◆ Required action: Take the listing below and write it out again exactly, skipping any picture that it holds.

◆ Material provided:
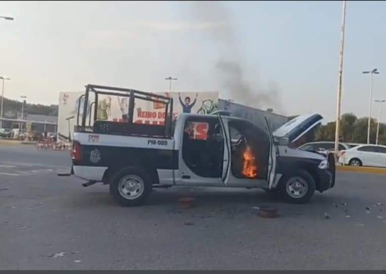 Civiles incendiaron una unidad de Seguridad Pública Municipal que iba llegando al lugar de los hechos.
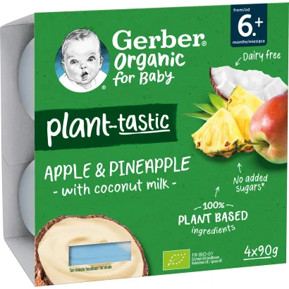 Gerber Organic kókusztej alapú mangó-kiwi ízű bio babadesszert 6 hónapos kortól 4 x 90 g (360 g)
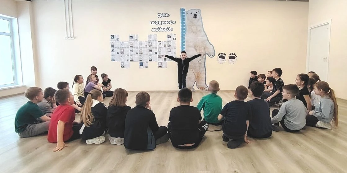🐾Мы подготовили для школьников ростомер, который помог узнать, насколько велик наш арктический друг - белый медведь,
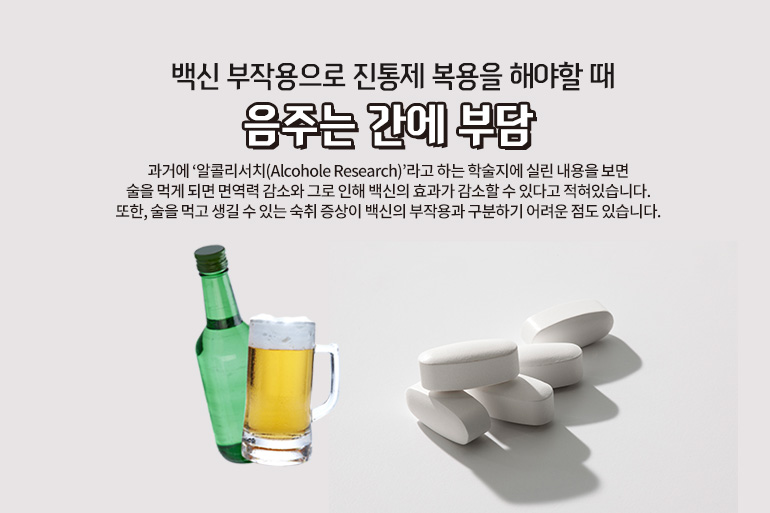 그리고 백신 부작용으로 판단되었을 때, 타이레놀과 같은 진통제를 먹게 되는데 이때도 음주를 하게 되면 문제가 생길 수 있습니다. 왜냐하면 이러한 약물은 주로 간에 부담을 주게 되는데, 술을 먹은 상태에서 이러한 진통제를 먹게 되면 간의 부담을 가중시킬 수도 있습니다. 그러므로 백신 접종한 날은 물론이고, 혹시 부작용이 생긴다면 모든 증상이 좋아질 때까지는 음주를 삼가는 것이 좋습니다.

◆ Exercise result:
 Civiles incendiaron una unidad de Seguridad Pública Municipal que iba llegando al lugar de los hechos.
 Gerber Organic kókusztej alapú mangó-kiwi ízű bio babadesszert 6 hónapos kortól 4 x 90 g (360 g)
🐾Мы подготовили для школьников ростомер, который помог узнать, насколько велик наш арктический друг - белый медведь,
 그리고 백신 부작용으로 판단되었을 때, 타이레놀과 같은 진통제를 먹게 되는데 이때도 음주를 하게 되면 문제가 생길 수 있습니다. 왜냐하면 이러한 약물은 주로 간에 부담을 주게 되는데, 술을 먹은 상태에서 이러한 진통제를 먹게 되면 간의 부담을 가중시킬 수도 있습니다. 그러므로 백신 접종한 날은 물론이고, 혹시 부작용이 생긴다면 모든 증상이 좋아질 때까지는 음주를 삼가는 것이 좋습니다.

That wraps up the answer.